= Christian politics in Australia =

Christian democracy of the type found in Europe never gained a strong presence in Australia. While sectarianism was an important factor in Australian politics in the early 20th century it was only a single element in political divisions at the time, with Roman Catholics along with the Irish tending to be drawn towards the left-wing Australian Labor Party, while Protestants were grouped alongside the British in the various anti-Labor conservative parties of the time.

Even as Australians' levels of church attendance declined, religious influence, particularly the influence of socially conservative Christians, within political parties has remained strong.

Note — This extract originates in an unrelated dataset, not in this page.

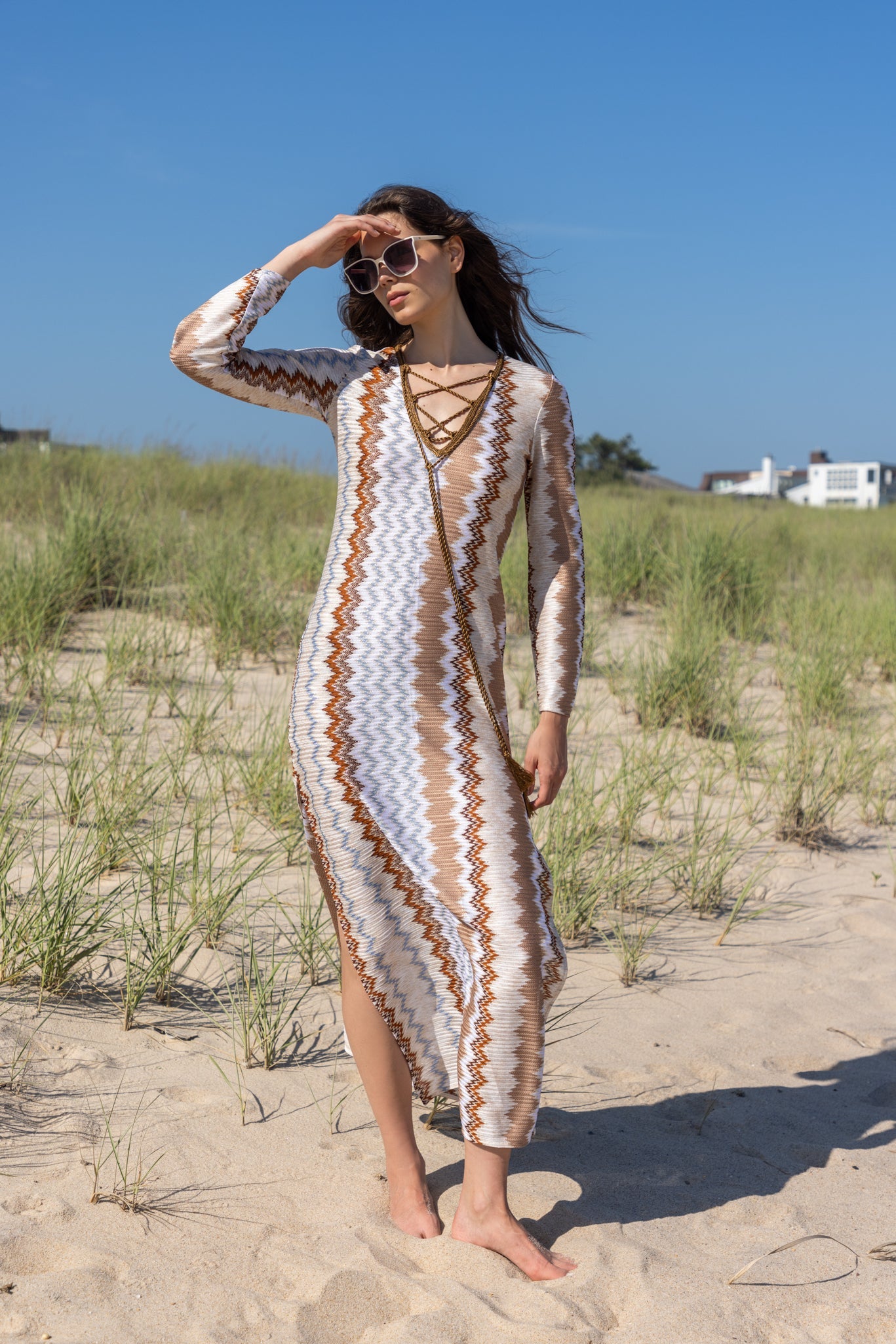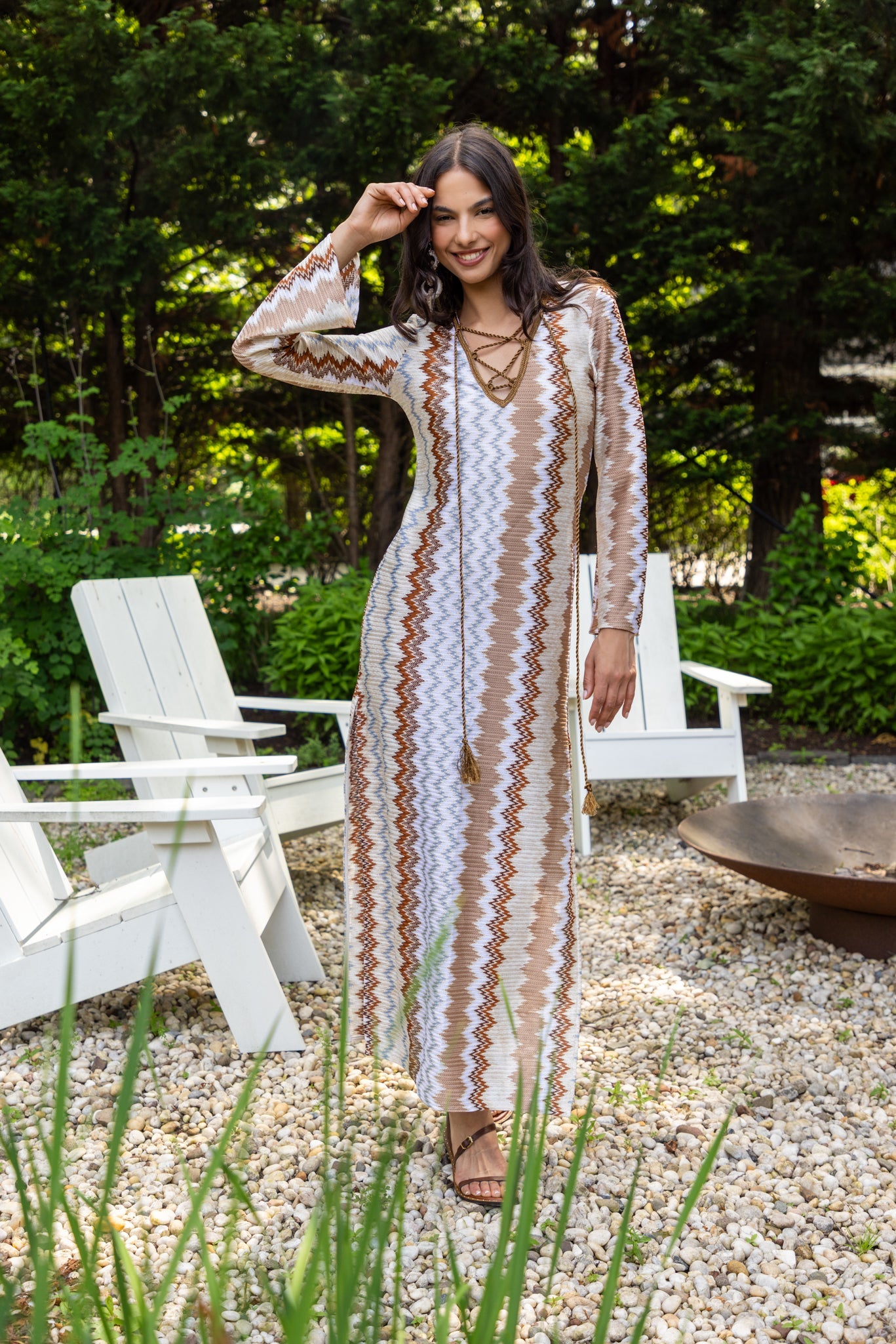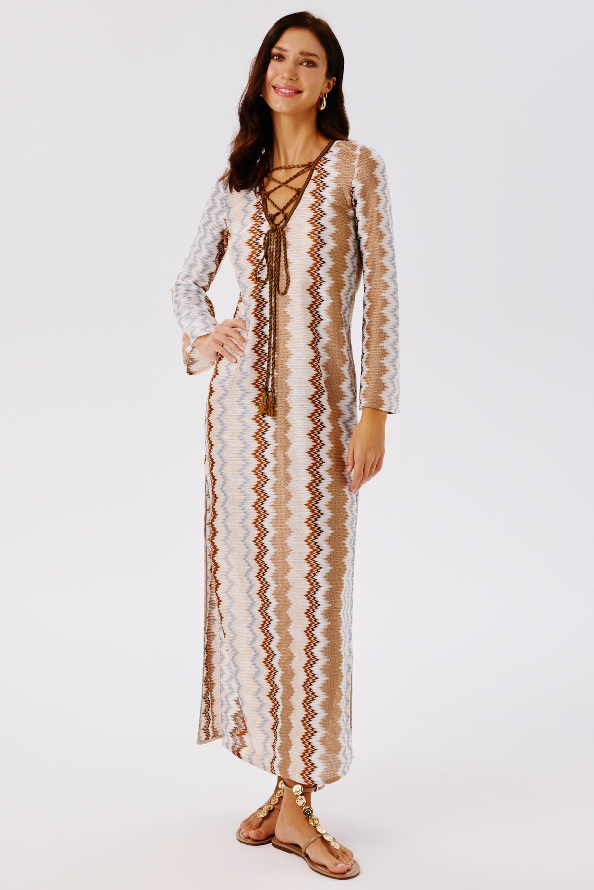 A flowing maxi caftan dress that embodies effortless summer elegance. Designed with a V-neckline and hand-knitted twisted tassel ties that cross at the front, it features side slits for added movement. Perfect for seaside moments or elevated daytime styling.

In 2017 the Parliamentary Christian Fellowship meet fortnightly, with about 60 members from all sides of politics in attendance. This is more than a quarter of total parliamentary members.
  The Australian National Prayer Breakfast started in 1985 and is based on the National Prayer Breakfast. Conservative religious community groups such as the Australian Family Association have been vocal in their opposition to developments such as gay rights and same sex marriage.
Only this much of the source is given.